*** Dataset excerpt Section Begins ***

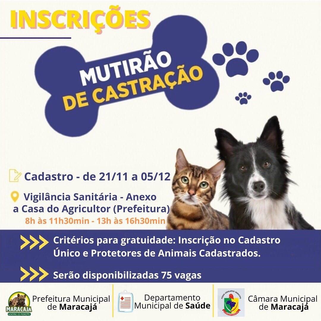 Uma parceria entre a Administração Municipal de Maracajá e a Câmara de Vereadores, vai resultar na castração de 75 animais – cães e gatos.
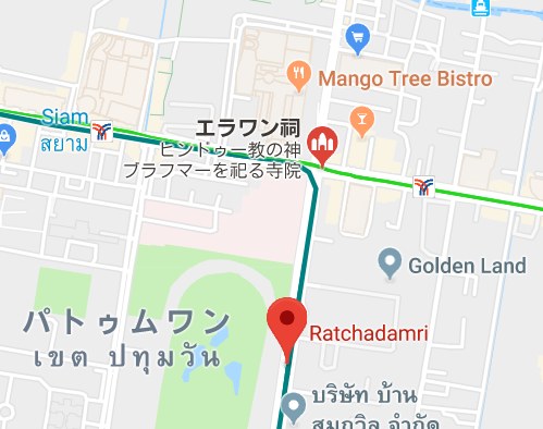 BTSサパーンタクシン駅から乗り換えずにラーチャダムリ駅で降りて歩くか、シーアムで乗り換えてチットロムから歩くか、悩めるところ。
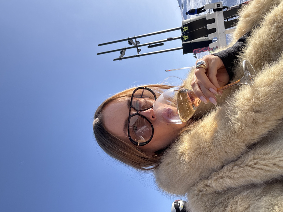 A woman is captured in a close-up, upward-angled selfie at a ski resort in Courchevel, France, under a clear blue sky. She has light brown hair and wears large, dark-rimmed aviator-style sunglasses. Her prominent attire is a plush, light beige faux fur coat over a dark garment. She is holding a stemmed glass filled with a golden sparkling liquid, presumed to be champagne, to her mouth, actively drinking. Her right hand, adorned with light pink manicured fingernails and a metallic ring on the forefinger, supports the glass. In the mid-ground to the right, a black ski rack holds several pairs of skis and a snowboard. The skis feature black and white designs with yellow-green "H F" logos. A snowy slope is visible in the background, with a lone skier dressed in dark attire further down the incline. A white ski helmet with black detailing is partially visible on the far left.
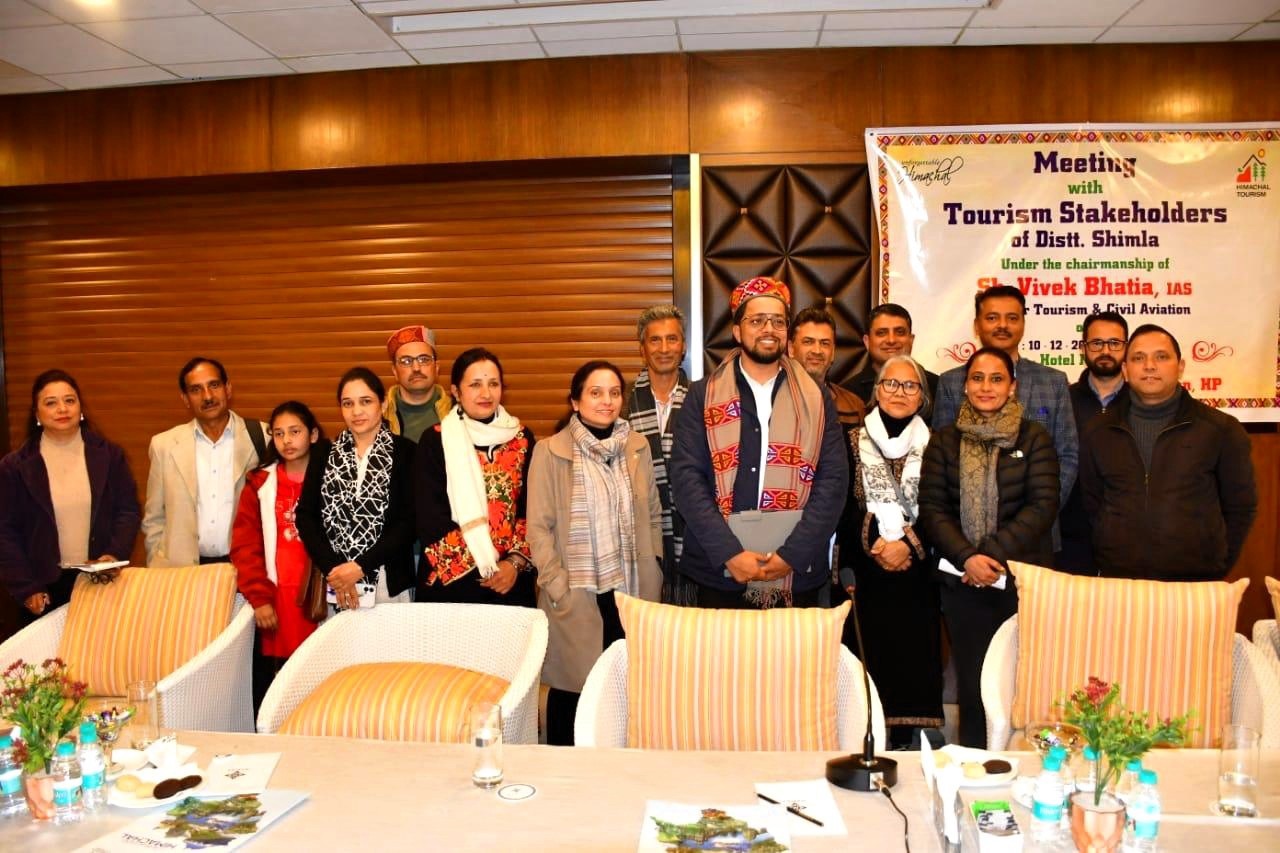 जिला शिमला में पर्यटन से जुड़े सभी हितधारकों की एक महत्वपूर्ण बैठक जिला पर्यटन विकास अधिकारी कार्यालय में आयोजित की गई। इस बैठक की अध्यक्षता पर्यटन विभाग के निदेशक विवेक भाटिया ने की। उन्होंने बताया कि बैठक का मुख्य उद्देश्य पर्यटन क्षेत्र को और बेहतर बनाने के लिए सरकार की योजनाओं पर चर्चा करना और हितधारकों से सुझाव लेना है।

*** Dataset excerpt Section Ends ***

- Task to carry out -
Set down nothing but the lines from the one containing "A woman is captured" to the final line above, both included, with every picture left out.

- Answer for this exercise -
 A woman is captured in a close-up, upward-angled selfie at a ski resort in Courchevel, France, under a clear blue sky. She has light brown hair and wears large, dark-rimmed aviator-style sunglasses. Her prominent attire is a plush, light beige faux fur coat over a dark garment. She is holding a stemmed glass filled with a golden sparkling liquid, presumed to be champagne, to her mouth, actively drinking. Her right hand, adorned with light pink manicured fingernails and a metallic ring on the forefinger, supports the glass. In the mid-ground to the right, a black ski rack holds several pairs of skis and a snowboard. The skis feature black and white designs with yellow-green "H F" logos. A snowy slope is visible in the background, with a lone skier dressed in dark attire further down the incline. A white ski helmet with black detailing is partially visible on the far left.
 जिला शिमला में पर्यटन से जुड़े सभी हितधारकों की एक महत्वपूर्ण बैठक जिला पर्यटन विकास अधिकारी कार्यालय में आयोजित की गई। इस बैठक की अध्यक्षता पर्यटन विभाग के निदेशक विवेक भाटिया ने की। उन्होंने बताया कि बैठक का मुख्य उद्देश्य पर्यटन क्षेत्र को और बेहतर बनाने के लिए सरकार की योजनाओं पर चर्चा करना और हितधारकों से सुझाव लेना है।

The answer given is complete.